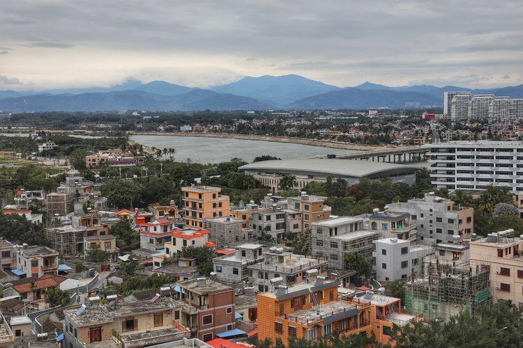 陵水黎族自治縣地勢西北高,東南低。地形主要由山地、丘陵、平原三部分組成,西北部為山區(qū),中部為丘陵區(qū),東南部為平原區(qū),自西北向東南傾斜。境內(nèi)最高峰為吊羅山三角峰,海拔1499.80米。東北部西南走向的吊羅山脈與西北部東南走向的七指嶺山脈呈“八字形”相交于縣域西北部,將東部淺海沉積平原以敞口圍住,形成陵水盆地。盆地內(nèi)部零星分布著兩大山脈及其余脈延伸形成的孤丘和臺地。
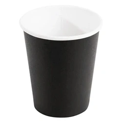 90(H) x 83(Ø)mm. Paperboard. Black. Black colour adds a modern and bold look to your services. Recyclable through specialist recycling streams; please check locally for available options. Suitable for temperatures up to 100°C.
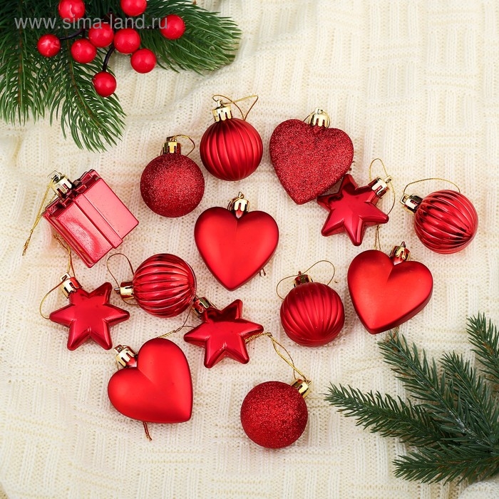Набор украшений пластик 24 шт "Грация" ассорти красный

• [Required action]: Output the listing exactly. Leave out any image.

• [Output for this exercise]:
 陵水黎族自治縣地勢西北高,東南低。地形主要由山地、丘陵、平原三部分組成,西北部為山區(qū),中部為丘陵區(qū),東南部為平原區(qū),自西北向東南傾斜。境內(nèi)最高峰為吊羅山三角峰,海拔1499.80米。東北部西南走向的吊羅山脈與西北部東南走向的七指嶺山脈呈“八字形”相交于縣域西北部,將東部淺海沉積平原以敞口圍住,形成陵水盆地。盆地內(nèi)部零星分布著兩大山脈及其余脈延伸形成的孤丘和臺地。
 90(H) x 83(Ø)mm. Paperboard. Black. Black colour adds a modern and bold look to your services. Recyclable through specialist recycling streams; please check locally for available options. Suitable for temperatures up to 100°C.
Набор украшений пластик 24 шт "Грация" ассорти красный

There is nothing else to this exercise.